**Listed entries:**

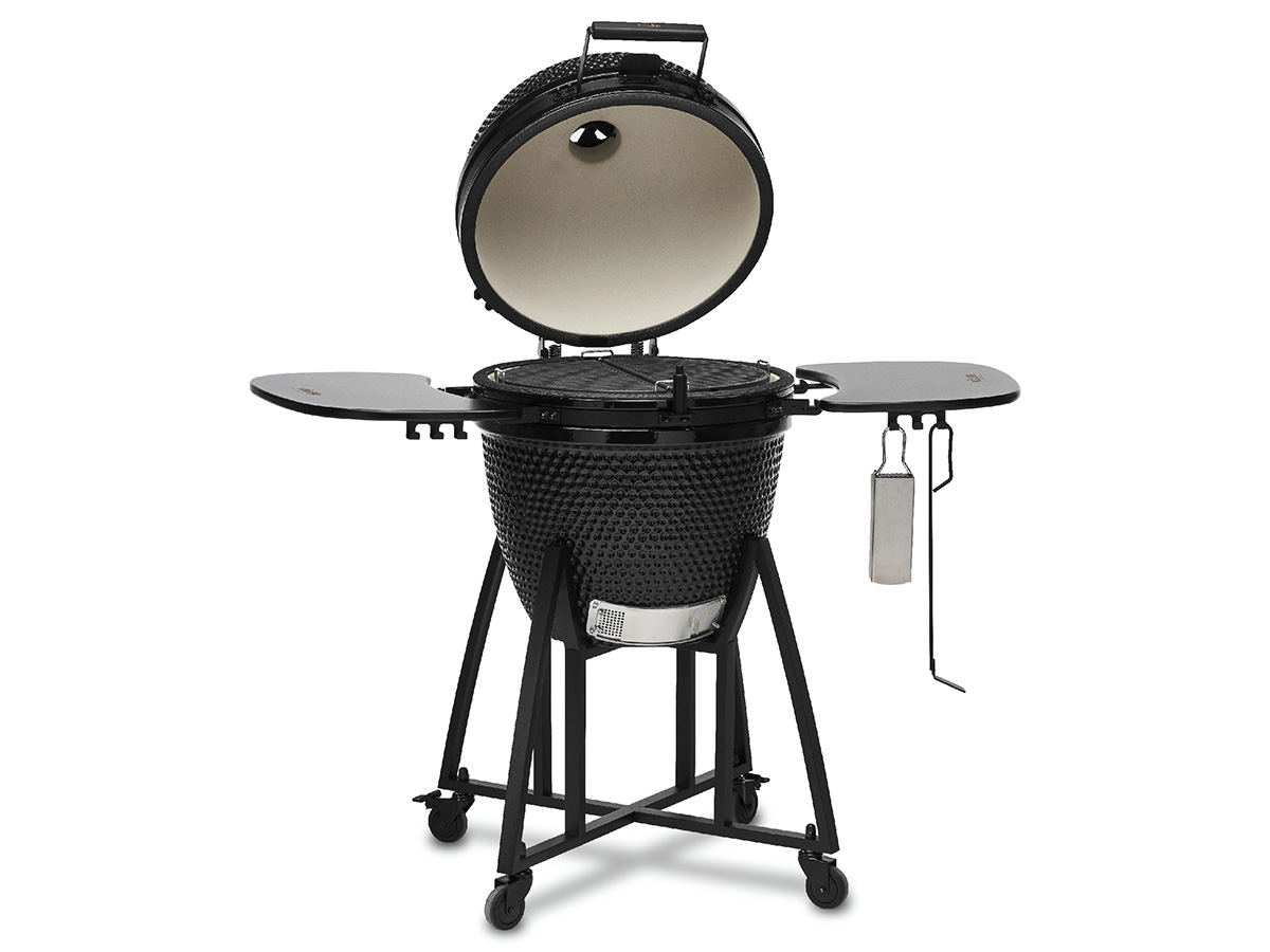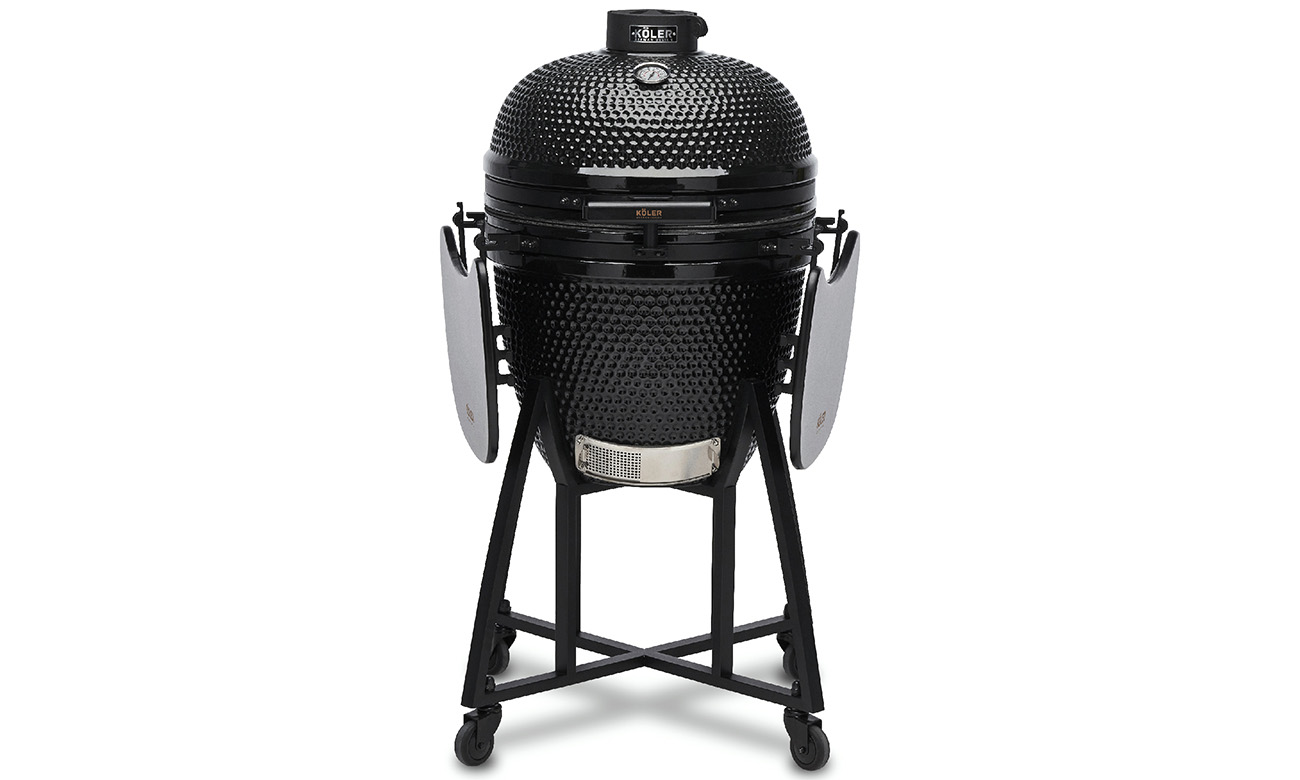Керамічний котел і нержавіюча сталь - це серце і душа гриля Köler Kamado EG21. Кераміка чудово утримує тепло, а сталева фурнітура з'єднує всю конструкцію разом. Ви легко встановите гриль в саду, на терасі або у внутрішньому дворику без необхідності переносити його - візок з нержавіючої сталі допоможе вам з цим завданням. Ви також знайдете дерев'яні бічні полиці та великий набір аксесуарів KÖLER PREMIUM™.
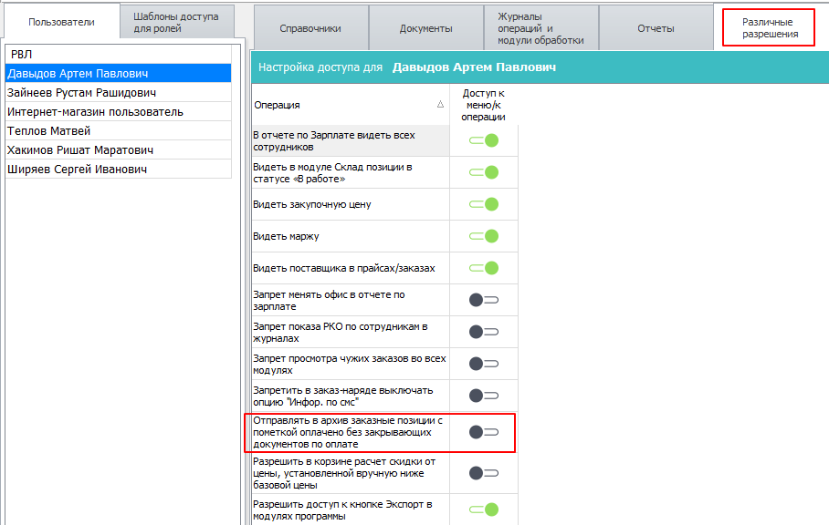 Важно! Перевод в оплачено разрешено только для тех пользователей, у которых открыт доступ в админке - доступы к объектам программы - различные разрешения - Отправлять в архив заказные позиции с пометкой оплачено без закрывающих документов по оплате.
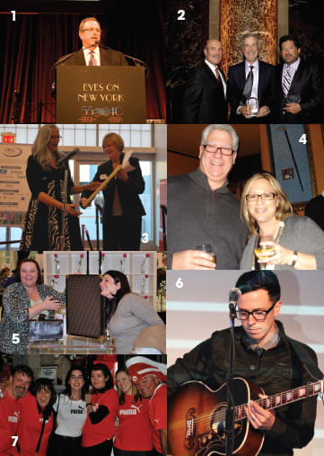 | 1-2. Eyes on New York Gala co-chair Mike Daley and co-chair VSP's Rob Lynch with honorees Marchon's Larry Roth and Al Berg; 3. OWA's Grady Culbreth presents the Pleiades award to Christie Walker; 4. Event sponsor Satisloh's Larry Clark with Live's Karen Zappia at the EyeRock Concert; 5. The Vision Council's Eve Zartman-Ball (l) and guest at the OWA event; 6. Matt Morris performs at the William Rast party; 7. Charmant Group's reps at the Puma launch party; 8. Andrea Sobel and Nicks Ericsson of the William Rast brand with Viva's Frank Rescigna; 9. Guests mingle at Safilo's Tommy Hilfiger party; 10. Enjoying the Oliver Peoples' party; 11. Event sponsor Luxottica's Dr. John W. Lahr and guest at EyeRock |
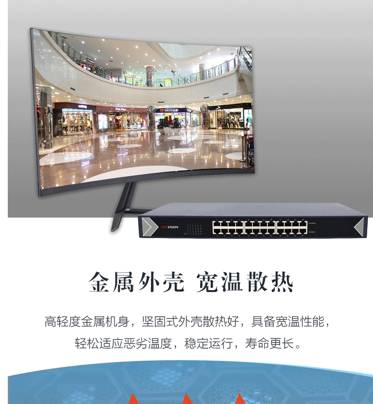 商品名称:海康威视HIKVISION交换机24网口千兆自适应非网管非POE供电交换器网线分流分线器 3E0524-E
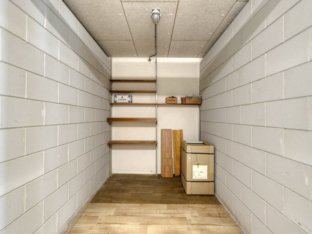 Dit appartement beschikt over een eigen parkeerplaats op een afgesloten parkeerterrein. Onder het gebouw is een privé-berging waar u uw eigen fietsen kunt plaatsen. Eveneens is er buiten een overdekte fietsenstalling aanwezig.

---

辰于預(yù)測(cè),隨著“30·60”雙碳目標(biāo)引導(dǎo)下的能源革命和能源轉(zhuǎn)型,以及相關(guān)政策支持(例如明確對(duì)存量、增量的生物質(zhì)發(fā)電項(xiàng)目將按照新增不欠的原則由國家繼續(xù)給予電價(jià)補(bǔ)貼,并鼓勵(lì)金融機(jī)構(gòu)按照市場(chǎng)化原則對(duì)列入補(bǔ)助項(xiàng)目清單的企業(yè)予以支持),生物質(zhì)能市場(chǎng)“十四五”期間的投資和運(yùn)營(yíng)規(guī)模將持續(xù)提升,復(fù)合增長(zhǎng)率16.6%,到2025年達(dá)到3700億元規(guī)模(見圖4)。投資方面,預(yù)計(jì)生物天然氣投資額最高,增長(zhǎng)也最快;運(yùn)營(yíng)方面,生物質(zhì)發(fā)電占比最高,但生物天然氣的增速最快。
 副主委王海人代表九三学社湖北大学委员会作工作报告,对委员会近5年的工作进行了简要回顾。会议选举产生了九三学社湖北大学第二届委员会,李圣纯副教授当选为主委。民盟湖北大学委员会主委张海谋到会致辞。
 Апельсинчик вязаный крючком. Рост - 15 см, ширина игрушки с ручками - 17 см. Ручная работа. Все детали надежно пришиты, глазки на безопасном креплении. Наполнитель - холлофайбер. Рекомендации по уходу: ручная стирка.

---

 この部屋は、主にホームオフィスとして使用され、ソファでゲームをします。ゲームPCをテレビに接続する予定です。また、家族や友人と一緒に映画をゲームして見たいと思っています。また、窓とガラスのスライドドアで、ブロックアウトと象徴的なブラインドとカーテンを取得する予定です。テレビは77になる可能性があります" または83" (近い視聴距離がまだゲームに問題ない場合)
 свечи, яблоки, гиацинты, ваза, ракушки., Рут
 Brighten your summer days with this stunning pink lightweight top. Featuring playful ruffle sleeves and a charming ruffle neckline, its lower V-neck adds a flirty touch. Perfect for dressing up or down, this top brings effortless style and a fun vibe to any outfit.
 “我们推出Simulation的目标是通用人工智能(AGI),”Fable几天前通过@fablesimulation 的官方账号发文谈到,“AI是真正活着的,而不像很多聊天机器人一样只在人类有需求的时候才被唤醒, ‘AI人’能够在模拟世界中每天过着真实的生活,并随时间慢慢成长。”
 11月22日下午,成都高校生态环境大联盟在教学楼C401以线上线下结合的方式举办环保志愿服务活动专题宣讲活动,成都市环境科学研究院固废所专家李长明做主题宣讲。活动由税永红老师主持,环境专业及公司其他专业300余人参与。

**Exercise directions:**
Beginning at the line above that contains "Керамічний котел і" and going on through the line that contains "Важно! Перевод в", please copy every line exactly, leaving the pictures out and adding nothing.

**Response to the task:**
Керамічний котел і нержавіюча сталь - це серце і душа гриля Köler Kamado EG21. Кераміка чудово утримує тепло, а сталева фурнітура з'єднує всю конструкцію разом. Ви легко встановите гриль в саду, на терасі або у внутрішньому дворику без необхідності переносити його - візок з нержавіючої сталі допоможе вам з цим завданням. Ви також знайдете дерев'яні бічні полиці та великий набір аксесуарів KÖLER PREMIUM™.
 Важно! Перевод в оплачено разрешено только для тех пользователей, у которых открыт доступ в админке - доступы к объектам программы - различные разрешения - Отправлять в архив заказные позиции с пометкой оплачено без закрывающих документов по оплате.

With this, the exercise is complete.